TO DO
The entries below should be written out again exactly as they stand.

RECORDS FOR PROCESSING
────

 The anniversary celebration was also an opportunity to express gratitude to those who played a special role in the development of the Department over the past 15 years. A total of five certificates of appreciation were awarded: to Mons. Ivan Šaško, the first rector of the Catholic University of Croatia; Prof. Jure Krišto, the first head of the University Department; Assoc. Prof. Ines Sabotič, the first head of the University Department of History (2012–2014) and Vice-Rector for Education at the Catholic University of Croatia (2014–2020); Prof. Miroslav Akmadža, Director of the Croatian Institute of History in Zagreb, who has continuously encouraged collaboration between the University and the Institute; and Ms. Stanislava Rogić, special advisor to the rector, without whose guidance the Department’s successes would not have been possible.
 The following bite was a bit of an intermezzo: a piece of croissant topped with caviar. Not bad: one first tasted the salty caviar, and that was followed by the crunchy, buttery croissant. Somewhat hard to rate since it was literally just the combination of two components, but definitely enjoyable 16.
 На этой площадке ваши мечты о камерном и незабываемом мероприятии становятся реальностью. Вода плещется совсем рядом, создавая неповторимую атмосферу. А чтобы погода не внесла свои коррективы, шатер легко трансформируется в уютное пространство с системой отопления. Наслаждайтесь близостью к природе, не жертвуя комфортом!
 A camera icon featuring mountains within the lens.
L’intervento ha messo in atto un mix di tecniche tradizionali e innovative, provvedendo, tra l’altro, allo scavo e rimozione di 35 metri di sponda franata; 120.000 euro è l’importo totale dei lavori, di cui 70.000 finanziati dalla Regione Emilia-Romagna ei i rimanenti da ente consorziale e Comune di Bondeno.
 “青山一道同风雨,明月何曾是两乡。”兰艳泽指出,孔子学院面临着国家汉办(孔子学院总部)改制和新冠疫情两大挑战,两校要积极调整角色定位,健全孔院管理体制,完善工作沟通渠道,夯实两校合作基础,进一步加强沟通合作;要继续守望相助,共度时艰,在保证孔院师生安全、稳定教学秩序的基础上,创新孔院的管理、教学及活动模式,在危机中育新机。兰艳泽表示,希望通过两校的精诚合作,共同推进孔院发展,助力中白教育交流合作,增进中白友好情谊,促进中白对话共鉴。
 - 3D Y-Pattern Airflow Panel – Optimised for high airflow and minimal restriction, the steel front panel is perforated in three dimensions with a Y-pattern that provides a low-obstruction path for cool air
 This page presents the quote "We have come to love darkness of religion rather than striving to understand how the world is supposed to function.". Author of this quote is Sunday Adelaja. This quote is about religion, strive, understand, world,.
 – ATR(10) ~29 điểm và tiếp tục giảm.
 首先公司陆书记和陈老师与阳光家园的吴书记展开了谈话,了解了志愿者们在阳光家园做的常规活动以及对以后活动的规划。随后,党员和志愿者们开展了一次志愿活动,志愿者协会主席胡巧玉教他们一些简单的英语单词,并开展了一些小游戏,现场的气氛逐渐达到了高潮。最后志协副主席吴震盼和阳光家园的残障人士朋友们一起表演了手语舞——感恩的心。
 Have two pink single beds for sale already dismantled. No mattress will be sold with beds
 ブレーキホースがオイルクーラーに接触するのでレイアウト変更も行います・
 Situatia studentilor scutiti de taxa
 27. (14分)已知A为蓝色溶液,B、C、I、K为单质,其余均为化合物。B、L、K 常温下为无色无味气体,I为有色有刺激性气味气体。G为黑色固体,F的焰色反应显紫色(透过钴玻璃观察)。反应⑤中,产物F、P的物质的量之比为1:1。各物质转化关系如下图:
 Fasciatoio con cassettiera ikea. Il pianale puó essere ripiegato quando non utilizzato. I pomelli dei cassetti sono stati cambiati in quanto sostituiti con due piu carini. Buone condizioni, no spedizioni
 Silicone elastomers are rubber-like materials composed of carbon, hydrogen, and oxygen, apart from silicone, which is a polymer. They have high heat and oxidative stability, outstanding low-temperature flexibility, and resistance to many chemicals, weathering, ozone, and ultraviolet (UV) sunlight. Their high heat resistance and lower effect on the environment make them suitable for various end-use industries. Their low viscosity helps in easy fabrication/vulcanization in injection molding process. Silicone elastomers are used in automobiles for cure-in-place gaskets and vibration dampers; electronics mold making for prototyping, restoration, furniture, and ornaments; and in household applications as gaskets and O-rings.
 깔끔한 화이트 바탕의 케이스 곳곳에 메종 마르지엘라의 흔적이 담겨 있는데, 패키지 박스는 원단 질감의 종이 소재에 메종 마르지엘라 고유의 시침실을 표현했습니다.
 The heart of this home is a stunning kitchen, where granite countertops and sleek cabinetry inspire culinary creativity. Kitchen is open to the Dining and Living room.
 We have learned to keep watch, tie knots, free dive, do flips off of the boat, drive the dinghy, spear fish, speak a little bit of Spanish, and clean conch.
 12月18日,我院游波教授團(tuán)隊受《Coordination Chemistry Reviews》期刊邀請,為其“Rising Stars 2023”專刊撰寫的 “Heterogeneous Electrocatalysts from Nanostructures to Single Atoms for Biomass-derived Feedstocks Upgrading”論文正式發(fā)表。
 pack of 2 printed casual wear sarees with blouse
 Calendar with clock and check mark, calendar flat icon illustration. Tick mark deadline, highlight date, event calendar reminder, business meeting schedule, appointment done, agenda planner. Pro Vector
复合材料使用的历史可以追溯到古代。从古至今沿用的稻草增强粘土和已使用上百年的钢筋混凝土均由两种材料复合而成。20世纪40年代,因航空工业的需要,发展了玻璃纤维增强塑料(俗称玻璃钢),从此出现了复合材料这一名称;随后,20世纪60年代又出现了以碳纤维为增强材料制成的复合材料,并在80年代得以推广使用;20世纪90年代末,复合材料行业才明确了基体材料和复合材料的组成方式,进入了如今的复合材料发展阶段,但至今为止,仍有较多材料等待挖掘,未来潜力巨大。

────

ANSWER TO THE EXERCISE
 The anniversary celebration was also an opportunity to express gratitude to those who played a special role in the development of the Department over the past 15 years. A total of five certificates of appreciation were awarded: to Mons. Ivan Šaško, the first rector of the Catholic University of Croatia; Prof. Jure Krišto, the first head of the University Department; Assoc. Prof. Ines Sabotič, the first head of the University Department of History (2012–2014) and Vice-Rector for Education at the Catholic University of Croatia (2014–2020); Prof. Miroslav Akmadža, Director of the Croatian Institute of History in Zagreb, who has continuously encouraged collaboration between the University and the Institute; and Ms. Stanislava Rogić, special advisor to the rector, without whose guidance the Department’s successes would not have been possible.
 The following bite was a bit of an intermezzo: a piece of croissant topped with caviar. Not bad: one first tasted the salty caviar, and that was followed by the crunchy, buttery croissant. Somewhat hard to rate since it was literally just the combination of two components, but definitely enjoyable 16.
 На этой площадке ваши мечты о камерном и незабываемом мероприятии становятся реальностью. Вода плещется совсем рядом, создавая неповторимую атмосферу. А чтобы погода не внесла свои коррективы, шатер легко трансформируется в уютное пространство с системой отопления. Наслаждайтесь близостью к природе, не жертвуя комфортом!
 A camera icon featuring mountains within the lens.
L’intervento ha messo in atto un mix di tecniche tradizionali e innovative, provvedendo, tra l’altro, allo scavo e rimozione di 35 metri di sponda franata; 120.000 euro è l’importo totale dei lavori, di cui 70.000 finanziati dalla Regione Emilia-Romagna ei i rimanenti da ente consorziale e Comune di Bondeno.
 “青山一道同风雨,明月何曾是两乡。”兰艳泽指出,孔子学院面临着国家汉办(孔子学院总部)改制和新冠疫情两大挑战,两校要积极调整角色定位,健全孔院管理体制,完善工作沟通渠道,夯实两校合作基础,进一步加强沟通合作;要继续守望相助,共度时艰,在保证孔院师生安全、稳定教学秩序的基础上,创新孔院的管理、教学及活动模式,在危机中育新机。兰艳泽表示,希望通过两校的精诚合作,共同推进孔院发展,助力中白教育交流合作,增进中白友好情谊,促进中白对话共鉴。
 - 3D Y-Pattern Airflow Panel – Optimised for high airflow and minimal restriction, the steel front panel is perforated in three dimensions with a Y-pattern that provides a low-obstruction path for cool air
 This page presents the quote "We have come to love darkness of religion rather than striving to understand how the world is supposed to function.". Author of this quote is Sunday Adelaja. This quote is about religion, strive, understand, world,.
 – ATR(10) ~29 điểm và tiếp tục giảm.
 首先公司陆书记和陈老师与阳光家园的吴书记展开了谈话,了解了志愿者们在阳光家园做的常规活动以及对以后活动的规划。随后,党员和志愿者们开展了一次志愿活动,志愿者协会主席胡巧玉教他们一些简单的英语单词,并开展了一些小游戏,现场的气氛逐渐达到了高潮。最后志协副主席吴震盼和阳光家园的残障人士朋友们一起表演了手语舞——感恩的心。
 Have two pink single beds for sale already dismantled. No mattress will be sold with beds
 ブレーキホースがオイルクーラーに接触するのでレイアウト変更も行います・
 Situatia studentilor scutiti de taxa
 27. (14分)已知A为蓝色溶液,B、C、I、K为单质,其余均为化合物。B、L、K 常温下为无色无味气体,I为有色有刺激性气味气体。G为黑色固体,F的焰色反应显紫色(透过钴玻璃观察)。反应⑤中,产物F、P的物质的量之比为1:1。各物质转化关系如下图:
 Fasciatoio con cassettiera ikea. Il pianale puó essere ripiegato quando non utilizzato. I pomelli dei cassetti sono stati cambiati in quanto sostituiti con due piu carini. Buone condizioni, no spedizioni
 Silicone elastomers are rubber-like materials composed of carbon, hydrogen, and oxygen, apart from silicone, which is a polymer. They have high heat and oxidative stability, outstanding low-temperature flexibility, and resistance to many chemicals, weathering, ozone, and ultraviolet (UV) sunlight. Their high heat resistance and lower effect on the environment make them suitable for various end-use industries. Their low viscosity helps in easy fabrication/vulcanization in injection molding process. Silicone elastomers are used in automobiles for cure-in-place gaskets and vibration dampers; electronics mold making for prototyping, restoration, furniture, and ornaments; and in household applications as gaskets and O-rings.
 깔끔한 화이트 바탕의 케이스 곳곳에 메종 마르지엘라의 흔적이 담겨 있는데, 패키지 박스는 원단 질감의 종이 소재에 메종 마르지엘라 고유의 시침실을 표현했습니다.
 The heart of this home is a stunning kitchen, where granite countertops and sleek cabinetry inspire culinary creativity. Kitchen is open to the Dining and Living room.
 We have learned to keep watch, tie knots, free dive, do flips off of the boat, drive the dinghy, spear fish, speak a little bit of Spanish, and clean conch.
 12月18日,我院游波教授團(tuán)隊受《Coordination Chemistry Reviews》期刊邀請,為其“Rising Stars 2023”專刊撰寫的 “Heterogeneous Electrocatalysts from Nanostructures to Single Atoms for Biomass-derived Feedstocks Upgrading”論文正式發(fā)表。
 pack of 2 printed casual wear sarees with blouse
 Calendar with clock and check mark, calendar flat icon illustration. Tick mark deadline, highlight date, event calendar reminder, business meeting schedule, appointment done, agenda planner. Pro Vector
复合材料使用的历史可以追溯到古代。从古至今沿用的稻草增强粘土和已使用上百年的钢筋混凝土均由两种材料复合而成。20世纪40年代,因航空工业的需要,发展了玻璃纤维增强塑料(俗称玻璃钢),从此出现了复合材料这一名称;随后,20世纪60年代又出现了以碳纤维为增强材料制成的复合材料,并在80年代得以推广使用;20世纪90年代末,复合材料行业才明确了基体材料和复合材料的组成方式,进入了如今的复合材料发展阶段,但至今为止,仍有较多材料等待挖掘,未来潜力巨大。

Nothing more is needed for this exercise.